Ospemifene's effect on vasomotor symptoms: a post hoc analysis of phase 2 and 3 clinical data.

To examine the effect of ospemifene 60 mg/d on vasomotor symptoms in postmenopausal women using clinical safety and efficacy data from five phase 2 and 3 studies.The incidence of hot flush treatment-emergent adverse events (TEAEs) was compiled from five randomized, placebo-controlled clinical studies; baseline parameters associated with hot flush incidence were also identified. Ospemifene's effects on the frequency and severity of hot flushes were evaluated in a previously unpublished, 6-week, placebo-controlled study.Analysis of pooled hot flush TEAE data for 2,166 women showed an incidence of hot flush of 8.5% for ospemifene and 3.2% for placebo (P < 0.0001). Hot flushes were most frequent during the first 4 weeks of ospemifene treatment and decreased in frequency thereafter. Logistic regression analysis revealed that hormone therapy within 6 months before study start (P = 0.0234), longer study treatment duration (P = 0.0234), and more hot flush days per month at baseline (P = 0.0313) were associated with more hot flushes.

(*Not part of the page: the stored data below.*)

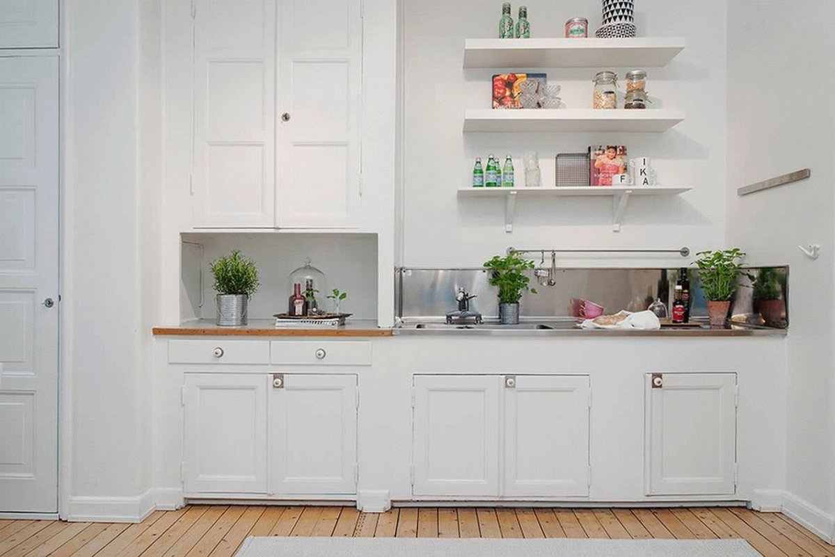 9. Без верхних шкафов кухни и полка со стаканами висящими вниз
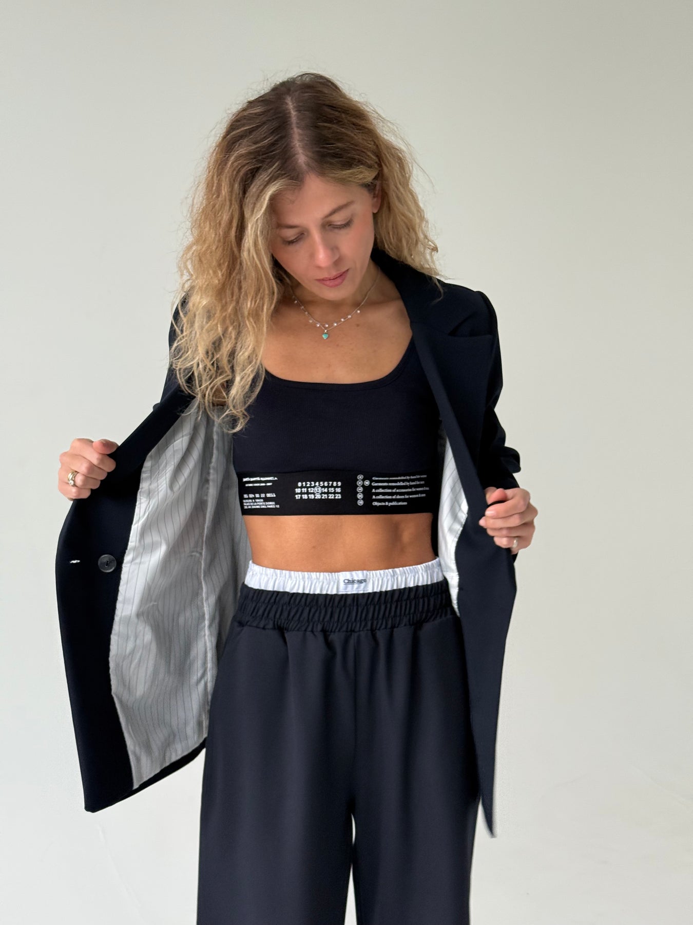 Modelei mugurā ir S izmērs (modeles augums ir 172 cm)
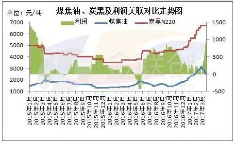 2015年1月至2017年3月期間的炭黑價(jià)格、利潤(rùn)走勢(shì)圖
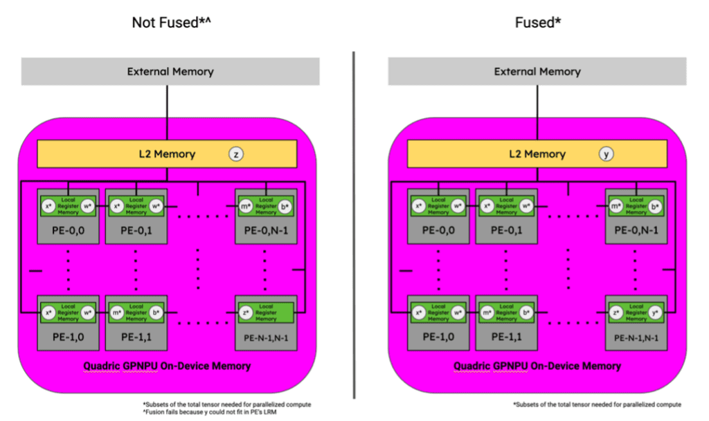 For these reasons, GPNPUs strike a balance between thoughtfully designed hardware for AI compute with the programmability and flexibility of a general-parallel compute platform like a GPU. GPNPUs satisfy the general computeand the memory organization requirements for operator fusion and are only limited occasionally by the memory availability requirement.

Ospemifene 60 mg/d did not worsen the frequency and severity of existing hot flushes in a 6-week, placebo-controlled trial of 198 postmenopausal women who were experiencing moderate to very severe hot flushes.In randomized trials, hot flush TEAEs were more frequent with ospemifene 60 mg/d than with placebo, particularly among women with prior history of hormone therapy use. The majority of hot flushes, however, waned after 4 weeks of ospemifene treatment. Ospemifene did not worsen existing hot flushes in women experiencing moderate to very severe hot flushes.